ROANOKE TIMES 
                      Copyright (c) 1997, Roanoke Times

DATE: Monday, April 7, 1997                  TAG: 9704070153
SECTION: SPORTS                   PAGE: B-1  EDITION: METRO 
COLUMN: JACK BOGACZYK
SOURCE: JACK BOGACZYK


LOTS OF WAYS TO EXPRESS PLAYOFF EXIT

It wasn't about losing a needed hour of rest Sunday for the Roanoke Express.

It was rather - in a third game in 50 hours - a matter of seconds of savings time the Express could have used.

After 281 minutes and 15 seconds of pulsating playoff hockey, the Express' fourth season ended suddenly in appropriate and dramatic fashion at the Roanoke Civic Center.

There were 16.1 seconds left in regulation of Game 4 when Hampton Roads defender Chris Phelps finished the first-round series with a blue-line blast for a 4-3 victory.

It all happened before the smallest crowd of the season, and the Admirals did it by beating the best goalie in ECHL playoff history, Dave Gagnon.

Gagnon is 23-4-1 with three teams in the ECHL's postseason, and few losses could be as stunning as the two he felt in this series. They probably were just as painful as the strained groin on which he gamely played Sunday.

In the opener, the Express lost 4-3 in 101 minutes, 31 seconds. In Game 4, the score was the same.

Or, as Express broadcast play-by-play voice Mitch Peacock described the end: ``It came in stunning and shocking fashion.''

That was a perfect call.

In the ECHL's eight seasons, Roanoke has made it past round one of the playoffs only in 1995, when it lost in the quarterfinals to eventual Riley Cup champion Richmond.

It was another year of consistent success for the Express, who have won 37, 39, 36 and 38 games in their four regular seasons under coach Frank Anzalone.

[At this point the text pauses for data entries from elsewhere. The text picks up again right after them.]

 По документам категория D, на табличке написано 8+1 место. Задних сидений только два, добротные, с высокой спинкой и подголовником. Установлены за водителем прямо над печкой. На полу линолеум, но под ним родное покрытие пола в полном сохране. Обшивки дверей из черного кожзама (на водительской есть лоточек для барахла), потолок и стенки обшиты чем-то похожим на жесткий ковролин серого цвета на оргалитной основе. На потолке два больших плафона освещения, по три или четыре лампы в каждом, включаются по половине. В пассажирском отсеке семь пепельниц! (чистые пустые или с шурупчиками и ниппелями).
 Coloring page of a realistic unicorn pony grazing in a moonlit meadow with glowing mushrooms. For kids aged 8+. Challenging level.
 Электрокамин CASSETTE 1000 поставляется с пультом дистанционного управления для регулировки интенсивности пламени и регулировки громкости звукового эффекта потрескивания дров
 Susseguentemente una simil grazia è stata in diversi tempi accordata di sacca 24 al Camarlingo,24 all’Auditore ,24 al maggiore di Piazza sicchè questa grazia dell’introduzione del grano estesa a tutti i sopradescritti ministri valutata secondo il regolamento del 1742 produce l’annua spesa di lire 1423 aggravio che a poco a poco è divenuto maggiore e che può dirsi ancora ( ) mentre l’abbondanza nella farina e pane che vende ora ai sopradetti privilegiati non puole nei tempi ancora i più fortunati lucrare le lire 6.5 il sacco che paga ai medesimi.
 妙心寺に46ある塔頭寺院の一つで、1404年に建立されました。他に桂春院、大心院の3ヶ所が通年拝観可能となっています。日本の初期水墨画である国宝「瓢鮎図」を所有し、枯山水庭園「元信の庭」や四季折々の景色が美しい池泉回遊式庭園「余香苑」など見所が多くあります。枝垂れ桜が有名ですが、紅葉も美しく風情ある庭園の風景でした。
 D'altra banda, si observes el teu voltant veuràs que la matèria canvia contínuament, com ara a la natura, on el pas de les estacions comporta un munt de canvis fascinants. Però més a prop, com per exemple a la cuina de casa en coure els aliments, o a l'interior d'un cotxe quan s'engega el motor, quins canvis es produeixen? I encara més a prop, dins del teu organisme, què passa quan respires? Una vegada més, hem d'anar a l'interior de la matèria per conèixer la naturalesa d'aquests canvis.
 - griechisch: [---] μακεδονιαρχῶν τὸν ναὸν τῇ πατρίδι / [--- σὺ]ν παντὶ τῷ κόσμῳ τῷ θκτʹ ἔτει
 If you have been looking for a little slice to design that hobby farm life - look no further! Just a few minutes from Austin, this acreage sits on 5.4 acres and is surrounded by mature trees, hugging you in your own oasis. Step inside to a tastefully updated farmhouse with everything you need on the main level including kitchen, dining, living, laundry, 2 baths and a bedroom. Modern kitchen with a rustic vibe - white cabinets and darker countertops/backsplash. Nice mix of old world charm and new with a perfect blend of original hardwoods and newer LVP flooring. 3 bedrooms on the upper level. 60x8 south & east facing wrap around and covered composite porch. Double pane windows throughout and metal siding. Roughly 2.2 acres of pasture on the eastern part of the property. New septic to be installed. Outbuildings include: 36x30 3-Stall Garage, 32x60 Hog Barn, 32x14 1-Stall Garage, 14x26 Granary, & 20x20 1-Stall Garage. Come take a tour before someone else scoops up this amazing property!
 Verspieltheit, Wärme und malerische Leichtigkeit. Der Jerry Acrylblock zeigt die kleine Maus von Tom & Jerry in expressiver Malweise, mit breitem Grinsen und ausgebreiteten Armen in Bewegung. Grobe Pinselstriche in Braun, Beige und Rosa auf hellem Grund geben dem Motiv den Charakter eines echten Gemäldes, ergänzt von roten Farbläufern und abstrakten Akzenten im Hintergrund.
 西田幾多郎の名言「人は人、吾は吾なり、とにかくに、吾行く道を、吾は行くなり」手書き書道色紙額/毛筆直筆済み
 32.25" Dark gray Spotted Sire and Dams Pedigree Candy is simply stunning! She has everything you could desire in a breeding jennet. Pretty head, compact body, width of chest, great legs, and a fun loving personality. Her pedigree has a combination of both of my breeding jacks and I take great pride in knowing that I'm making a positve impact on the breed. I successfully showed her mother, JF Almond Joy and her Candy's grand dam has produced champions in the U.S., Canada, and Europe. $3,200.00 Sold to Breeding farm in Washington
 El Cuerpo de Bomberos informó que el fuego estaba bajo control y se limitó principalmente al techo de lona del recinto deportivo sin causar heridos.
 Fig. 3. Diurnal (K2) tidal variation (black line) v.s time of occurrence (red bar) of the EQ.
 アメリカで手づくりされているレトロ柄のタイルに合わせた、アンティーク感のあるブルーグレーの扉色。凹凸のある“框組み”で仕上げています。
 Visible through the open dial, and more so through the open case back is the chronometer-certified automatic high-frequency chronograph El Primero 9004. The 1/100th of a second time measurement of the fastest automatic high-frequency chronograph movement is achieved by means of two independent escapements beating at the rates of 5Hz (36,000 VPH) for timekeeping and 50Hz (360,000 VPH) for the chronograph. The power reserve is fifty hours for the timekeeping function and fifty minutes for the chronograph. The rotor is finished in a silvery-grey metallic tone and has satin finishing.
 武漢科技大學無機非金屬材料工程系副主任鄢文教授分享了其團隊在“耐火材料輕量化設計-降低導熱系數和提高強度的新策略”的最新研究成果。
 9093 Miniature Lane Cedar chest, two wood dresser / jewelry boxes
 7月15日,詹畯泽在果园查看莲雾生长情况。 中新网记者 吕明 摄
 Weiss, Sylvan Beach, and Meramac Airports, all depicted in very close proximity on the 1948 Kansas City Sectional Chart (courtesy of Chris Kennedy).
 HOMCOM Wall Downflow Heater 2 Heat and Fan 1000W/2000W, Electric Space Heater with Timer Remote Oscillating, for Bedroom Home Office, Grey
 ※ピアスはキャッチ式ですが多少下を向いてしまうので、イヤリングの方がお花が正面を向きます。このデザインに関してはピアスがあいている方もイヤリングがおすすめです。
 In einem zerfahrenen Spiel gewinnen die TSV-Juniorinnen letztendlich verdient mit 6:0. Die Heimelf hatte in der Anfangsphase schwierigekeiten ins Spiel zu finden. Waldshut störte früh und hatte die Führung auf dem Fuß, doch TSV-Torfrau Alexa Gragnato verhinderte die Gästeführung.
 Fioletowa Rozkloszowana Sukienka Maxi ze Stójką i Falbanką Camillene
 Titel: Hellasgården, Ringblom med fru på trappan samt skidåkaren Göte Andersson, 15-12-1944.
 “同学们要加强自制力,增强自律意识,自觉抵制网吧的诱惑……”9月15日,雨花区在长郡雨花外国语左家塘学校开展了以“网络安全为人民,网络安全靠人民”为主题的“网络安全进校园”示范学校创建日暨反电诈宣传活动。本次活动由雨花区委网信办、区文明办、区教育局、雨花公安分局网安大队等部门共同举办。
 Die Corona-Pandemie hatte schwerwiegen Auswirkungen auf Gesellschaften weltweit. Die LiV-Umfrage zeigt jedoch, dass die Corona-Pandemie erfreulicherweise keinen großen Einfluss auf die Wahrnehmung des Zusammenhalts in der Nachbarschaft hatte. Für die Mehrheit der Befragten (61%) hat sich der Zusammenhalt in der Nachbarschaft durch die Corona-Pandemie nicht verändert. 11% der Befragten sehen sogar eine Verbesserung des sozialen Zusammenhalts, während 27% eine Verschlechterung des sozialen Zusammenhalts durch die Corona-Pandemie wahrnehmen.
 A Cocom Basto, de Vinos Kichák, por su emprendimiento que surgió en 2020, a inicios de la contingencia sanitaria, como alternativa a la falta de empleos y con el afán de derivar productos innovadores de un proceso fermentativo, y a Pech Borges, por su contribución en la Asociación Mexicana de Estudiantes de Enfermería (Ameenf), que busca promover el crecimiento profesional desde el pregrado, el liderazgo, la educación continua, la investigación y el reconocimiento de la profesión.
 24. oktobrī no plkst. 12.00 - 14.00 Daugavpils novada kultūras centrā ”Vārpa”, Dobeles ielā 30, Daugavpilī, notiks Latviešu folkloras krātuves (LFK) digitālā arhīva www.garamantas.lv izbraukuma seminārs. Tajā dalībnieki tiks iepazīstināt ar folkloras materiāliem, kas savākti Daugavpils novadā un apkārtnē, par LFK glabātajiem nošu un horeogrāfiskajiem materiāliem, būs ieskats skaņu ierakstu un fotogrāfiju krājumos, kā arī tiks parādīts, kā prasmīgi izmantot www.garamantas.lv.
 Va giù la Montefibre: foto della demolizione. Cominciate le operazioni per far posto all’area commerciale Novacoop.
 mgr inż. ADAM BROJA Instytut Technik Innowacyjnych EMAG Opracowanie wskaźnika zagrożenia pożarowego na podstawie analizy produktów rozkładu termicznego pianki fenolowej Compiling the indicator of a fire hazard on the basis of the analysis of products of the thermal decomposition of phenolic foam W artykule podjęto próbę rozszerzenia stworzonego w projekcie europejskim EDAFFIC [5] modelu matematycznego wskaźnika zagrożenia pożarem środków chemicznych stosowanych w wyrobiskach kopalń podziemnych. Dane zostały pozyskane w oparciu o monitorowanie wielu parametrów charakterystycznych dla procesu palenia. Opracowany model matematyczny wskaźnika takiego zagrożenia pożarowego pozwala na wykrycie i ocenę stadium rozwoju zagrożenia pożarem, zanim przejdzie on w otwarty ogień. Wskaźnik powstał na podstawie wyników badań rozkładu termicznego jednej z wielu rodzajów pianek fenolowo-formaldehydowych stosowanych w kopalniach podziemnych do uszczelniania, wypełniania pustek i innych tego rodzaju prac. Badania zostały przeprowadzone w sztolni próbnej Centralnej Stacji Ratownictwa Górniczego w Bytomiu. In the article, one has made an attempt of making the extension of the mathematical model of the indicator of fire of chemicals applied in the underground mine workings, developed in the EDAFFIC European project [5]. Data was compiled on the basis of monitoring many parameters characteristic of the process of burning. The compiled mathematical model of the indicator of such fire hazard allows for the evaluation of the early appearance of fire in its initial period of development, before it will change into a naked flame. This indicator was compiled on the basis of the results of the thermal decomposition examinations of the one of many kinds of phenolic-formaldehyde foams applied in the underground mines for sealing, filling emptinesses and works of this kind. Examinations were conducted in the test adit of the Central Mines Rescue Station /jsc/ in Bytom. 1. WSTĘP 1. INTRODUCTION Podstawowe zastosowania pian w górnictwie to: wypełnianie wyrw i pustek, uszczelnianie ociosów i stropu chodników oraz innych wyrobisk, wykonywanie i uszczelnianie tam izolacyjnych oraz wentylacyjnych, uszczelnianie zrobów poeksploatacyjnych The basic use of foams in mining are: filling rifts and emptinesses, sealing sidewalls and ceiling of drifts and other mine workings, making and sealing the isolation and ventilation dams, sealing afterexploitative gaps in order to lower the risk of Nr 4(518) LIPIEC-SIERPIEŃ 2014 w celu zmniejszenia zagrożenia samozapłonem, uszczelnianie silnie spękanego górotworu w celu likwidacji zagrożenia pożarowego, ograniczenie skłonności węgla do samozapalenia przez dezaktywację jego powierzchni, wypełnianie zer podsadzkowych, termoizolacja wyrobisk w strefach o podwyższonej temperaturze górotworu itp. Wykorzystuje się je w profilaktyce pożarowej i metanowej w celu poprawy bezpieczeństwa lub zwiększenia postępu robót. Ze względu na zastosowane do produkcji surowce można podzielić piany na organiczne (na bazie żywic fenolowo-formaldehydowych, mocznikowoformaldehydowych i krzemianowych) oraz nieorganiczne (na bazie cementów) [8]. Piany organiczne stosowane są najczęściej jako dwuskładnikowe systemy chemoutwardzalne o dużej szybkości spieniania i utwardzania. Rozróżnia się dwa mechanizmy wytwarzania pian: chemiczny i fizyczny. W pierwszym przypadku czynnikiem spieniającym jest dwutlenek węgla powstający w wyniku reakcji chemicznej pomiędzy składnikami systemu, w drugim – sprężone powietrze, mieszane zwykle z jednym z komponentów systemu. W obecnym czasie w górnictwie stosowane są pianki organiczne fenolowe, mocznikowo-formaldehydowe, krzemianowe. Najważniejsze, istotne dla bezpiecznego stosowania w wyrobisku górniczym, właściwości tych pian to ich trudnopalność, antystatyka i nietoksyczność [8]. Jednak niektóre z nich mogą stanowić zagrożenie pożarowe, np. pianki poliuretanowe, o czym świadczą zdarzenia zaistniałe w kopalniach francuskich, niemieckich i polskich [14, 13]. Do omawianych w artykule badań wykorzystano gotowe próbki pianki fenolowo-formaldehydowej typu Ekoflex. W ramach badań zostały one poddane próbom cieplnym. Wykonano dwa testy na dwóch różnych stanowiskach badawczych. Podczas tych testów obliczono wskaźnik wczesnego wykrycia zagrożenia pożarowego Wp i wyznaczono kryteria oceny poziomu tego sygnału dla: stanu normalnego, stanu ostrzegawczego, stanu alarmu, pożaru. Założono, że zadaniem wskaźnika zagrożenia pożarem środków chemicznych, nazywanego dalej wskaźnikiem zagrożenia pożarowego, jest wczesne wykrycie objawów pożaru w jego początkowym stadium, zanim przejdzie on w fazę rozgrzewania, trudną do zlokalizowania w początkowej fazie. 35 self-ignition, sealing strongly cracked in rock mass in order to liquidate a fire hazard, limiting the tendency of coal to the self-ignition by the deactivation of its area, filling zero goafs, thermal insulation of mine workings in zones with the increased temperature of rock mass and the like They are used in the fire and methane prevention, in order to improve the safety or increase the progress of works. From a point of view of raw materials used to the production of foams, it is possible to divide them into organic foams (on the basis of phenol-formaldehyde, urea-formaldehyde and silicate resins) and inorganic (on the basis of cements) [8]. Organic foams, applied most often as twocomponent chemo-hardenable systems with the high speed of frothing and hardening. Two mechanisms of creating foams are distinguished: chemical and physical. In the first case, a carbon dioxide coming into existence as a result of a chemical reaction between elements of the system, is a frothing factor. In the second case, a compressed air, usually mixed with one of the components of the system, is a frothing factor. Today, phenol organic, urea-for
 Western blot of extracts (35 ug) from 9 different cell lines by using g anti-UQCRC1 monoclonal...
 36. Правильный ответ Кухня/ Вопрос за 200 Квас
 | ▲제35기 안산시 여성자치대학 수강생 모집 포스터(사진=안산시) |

Again, it was a team no one wanted to play in the playoffs, perhaps because the Express' consistent, mistake-limiting, conservative style defines what playoff hockey usually is.

The team that bowed out Sunday also wasn't the same team that took Roanoke to its success. The loss last month of center Wayne Strachan, defenseman Michael Smith and left wing Jeff Cowan to affiliate call-ups diminished the club.

From mid-November - and the return of Russian center Ilya Dubkov - through March 8, the Express was 29-13-3. The club was only 4-5-2 in its final 11 games.

The improved affiliations with Calgary (NHL) and Manitoba (IHL) giveth and taketh away. Even with the late-season dropoff, Anzalone's team still finished among the top one-third of the league's 23 clubs.

It did little good being the league's No. 7 seed because of the ECHL's inane intradivisional playoff format, reducing the importance of the regular season.

To get to the ECHL semifinals, all the Express needed was to beat the second-best team in the league, and then the Brabham Cup regular-season victor, South Carolina.

The Express emerged from a tumultous off-season with upheaval and rancor among its management to post another positive experience. Attendance was off only slightly for the year, making Sunday's gathering of 2,371 a disappointing finish, too.

Anzalone's recruiting skills and coaching tenor remain one of the franchise's strengths. Yes, the club could find a coach who would be more popular with the public, but if a replacment weren't as sound in recruiting and coaching, Roanoke would be Erie - which is gone from the league, much less the playoffs.

It again will be a crucial off-season for the franchise, which through all of the front-office machinations and ego trips seems to have lost its focus. The Express rebuilt hockey's melting reputation here with good business sense and teamwork.

The board of directors and management should remember that. Hockey is successful in these parts because it has been marketed properly.

What fills seats, however, is winning games. The Express only has to find a way to do that more in April.